Mariela de la Paz – A Chilean-born mestiza, artist Mariela brings the vibrant colors of the natural world, of Latin America, and the visionary landscape to life in a way that is uniquely her own. Drawing inspiration from indigenous plant medicine practices, Mariela’s art showcases both the otherworldly forces and the elements we can see, feel, and touch in this earth-bound world. Her paintings are a rich slice of plant medicine life served with skill and powerfully polished with grace.
Brus Rubio – Through his works on canvas and llanchama (tree bark), indigenous Peruvian artist Brus shares the mythology, history, and culture of the Bora and Huitoto peoples and provides a rare view into the cosmology of these tribes of the Amazon basin. Brus conveys the fundamentality of the visionary states in everyday activities and in the natural world itself. The leaves look like leaves, and embedded in the leaves are feathers and birds with human bodies and things that our mind tells us “shouldn’t be there;” but our heart, when we see them, knows they are perfectly placed.
Geenss Archenti Flores – One of the new generation of Peruvian visionary artists coming out of the Tarapoto area of Peru, Archenti uses natural pigments he prepares from trees and medicinal plants in brushstrokes that powerfully portray the flight of light. Like the medicine itself, he enchants us with mesmerizing pinpoints, feathers so textured you want to reach over and touch them, repeating designs fading into infinity, and faces and flowers both lifelike and adorned with that ayahuasca visionary quality that cannot be explained in words.

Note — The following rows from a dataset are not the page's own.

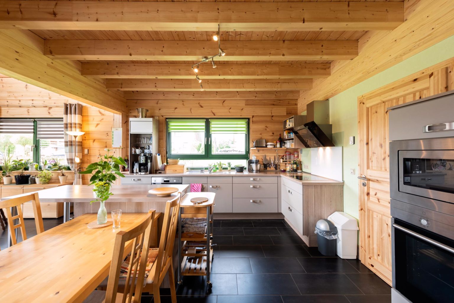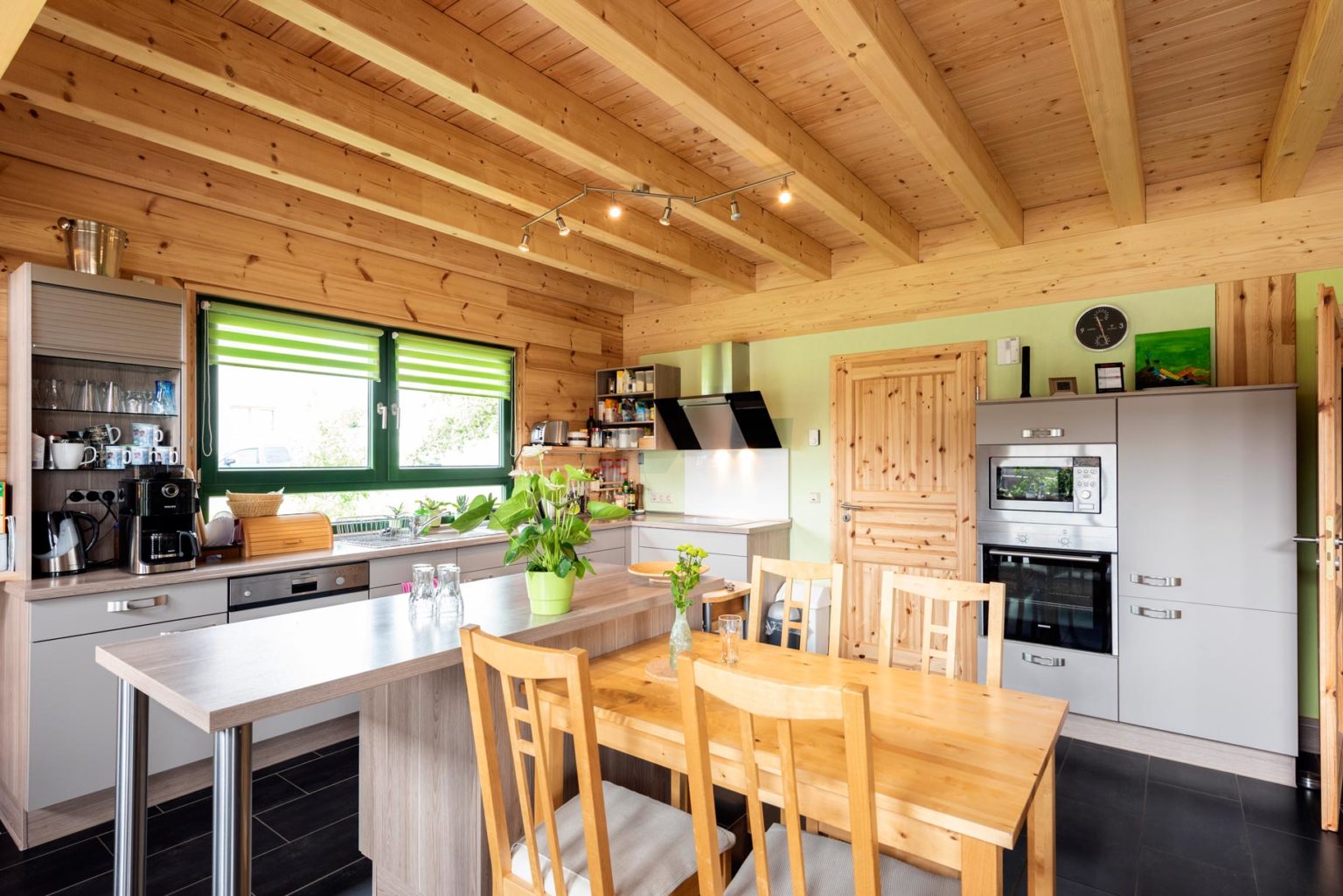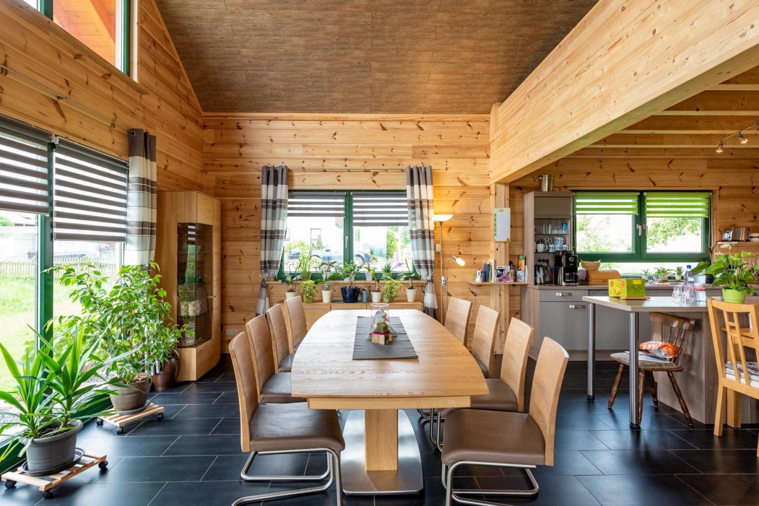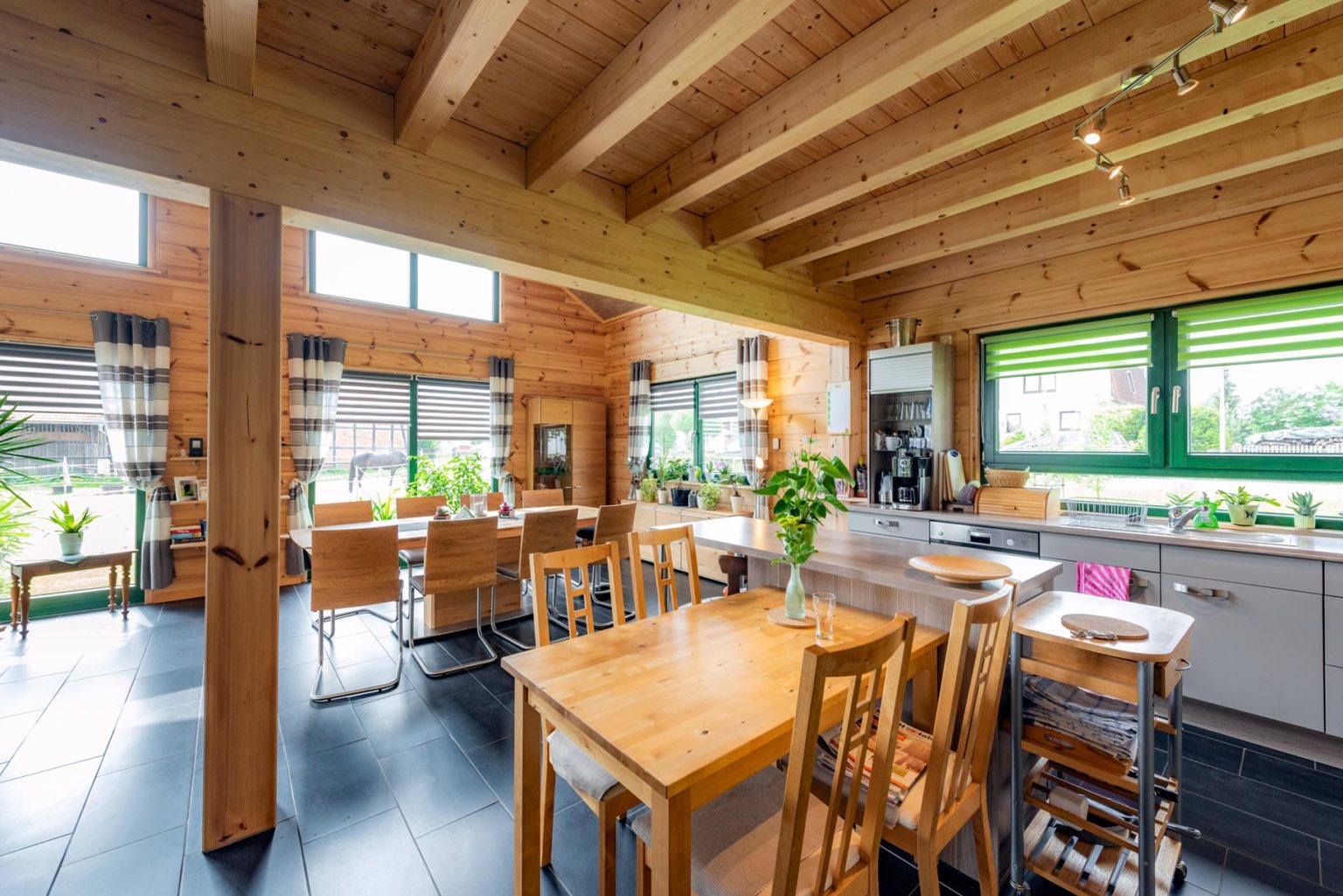 Eindrucksvolle Sichtbalkendecken aus massivem Polarkiefernholz spannen sich in üblicher Raumhöhe über etwa ein Fünftel der Wohnfläche und schenken den Räumen Holzhaus-Charakter und Gemütlichkeit. Im Wohnzimmerteil des offenen Wohnbereichs erstreckt sich dagegen ein gewaltiger Luftraum bis hinauf zur sichtbaren Firstpfette. Entsprechend großzügig und frei ist das Wohngefühl hier, auch wegen der breiten, bodentiefen Fenster, die reichlich Tageslicht hereinlassen und viel Sicht nach draußen zulassen. Behaglich ist es auch in diesem Hausteil trotzdem – dafür sorgen die massiven Blockwände aus naturheller Polarkiefer. „Den Dachstuhl haben wir lieber verschalt und etwas dunkler lasiert, die Holzwände hingegen mit UV-Schutz und einem abwaschbaren Anstrich versehen. So bleibt das Holz hell und wir können es nach Belieben abwischen.“, erklärt der Hauseigentümer. Für den Außenanstrich wählte das Ehepaar einen warmen Braunton, kombinierte dunkelgrüne Fenster dazu und entschied sich für ein rotes Ziegeldach. Die Trennwände im Hausinnern sind aus leichtem Ständerbau und kommen ganz ohne Holz aus. „Ausschließlich Holz wollten wir nicht im Haus, deshalb haben wir die Trennwände tapeziert und in hellen Farben gestrichen. Das sorgt für viel Abwechslung“, sagt die Dame des Hauses.
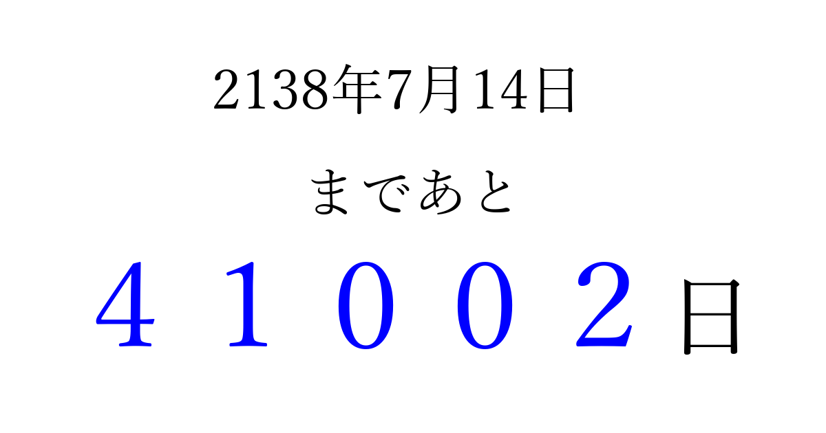 2138年7月14日(月)まで あと 99999 日です 追加すると、トップページからすぐ選べるようになります ※2026/04/10現在の結果です。 最新の状態に更新する ↓シェアして、タイムライン上にカウントダウンを表示しよう!↓ 📤 この結果を共有する Tweet シェア Threads Bluesky 別の日付でカウントダウン 2138年7月のカレンダー このページをブックマークに追加すると、いつでもカウントダウンを確認できます。 (PC: Ctrl+D / Mac: ⌘+D) hitome-notes.comでは以下のページも運営しています。 指定日と期間から日付を計算 | ガチャ確率計算・シミュレーション | プライバシー・ポリシー 運営者:Avocado
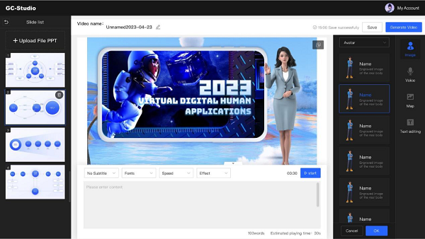 GC-Studio通過最大限度減少傳統(tǒng)視頻制作的人工介入,有效降低使用門檻、提升交互體驗(yàn),大幅節(jié)約了人力資源和物力消耗。企業(yè)只需設(shè)置數(shù)字人參數(shù),即可獲得一個適合公司形象的、專業(yè)的、可24小時無間斷工作的數(shù)字講解員。
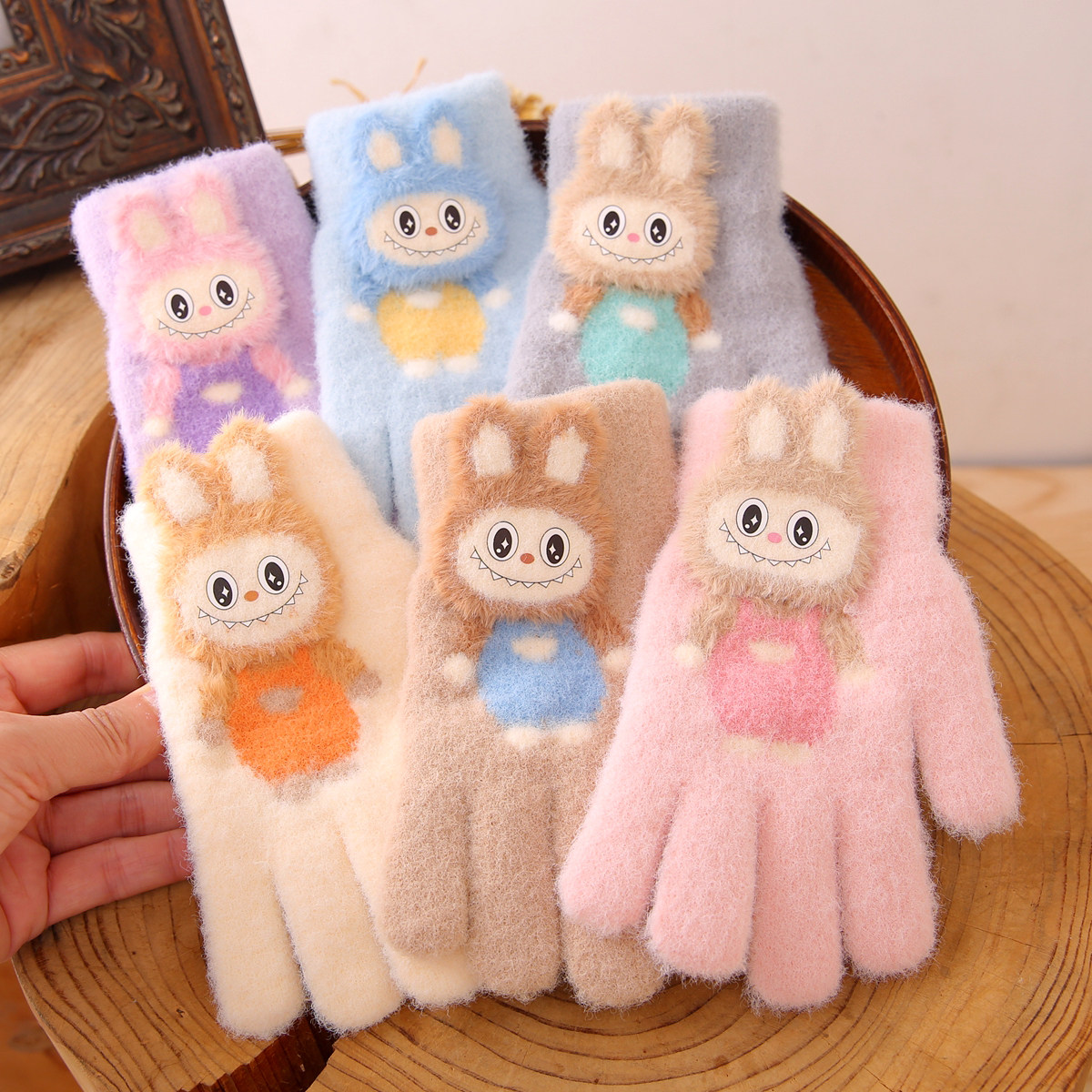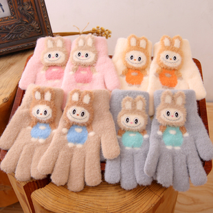 kt猫钻石毛绒手套儿童HelloKitty分指触屏女童冬加厚防风防寒保暖
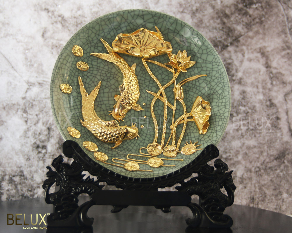 Đĩa cá chép hoa sen dát vàng 24k xanh ngọc là món quà tặng cao cấp mà BELUX muốn gửi đến quý khách hàng. Sản phẩm không chỉ đẹp, tinh xảo, sang trọng mà còn ẩn chứa nhiều ý nghĩa tốt lành. Vậy trưng bày đĩa cá chép hoa sen này đem lại ý nghĩa gì cho gia chủ? câu trả lời sẽ được bật mí ngay sau đây.

Archenti uses actual medicine pigments in his pieces and often paints on handmade banana leaf paper, an organic offering that brings the Amazon to us in the art pieces themselves. Archenti reminds us that we need this kind of communication—the one that speaks to us in the language of art.
Trina Brammah – English-born artist, mother of two, and founder and director of Sachaqa Centro de Arte, an ecological art retreat and art residency center in the Peruvian Amazon, Trina paints with natural, found pigments from earth and rocks that she personally wildcrafts. Viewing her art, we can feel the earth and the rocks and her love and respect for the natural world emanating from the canvas. Trina’s work is soft and sweet and strong. The light in her work seems to be shining down from the sun itself and pouring out from within the plant, animal, and human beings she depicts. She calls us to taste the sweetness of the beings, and ultimately, through her art, calls us to connect with the sweetness within each of us.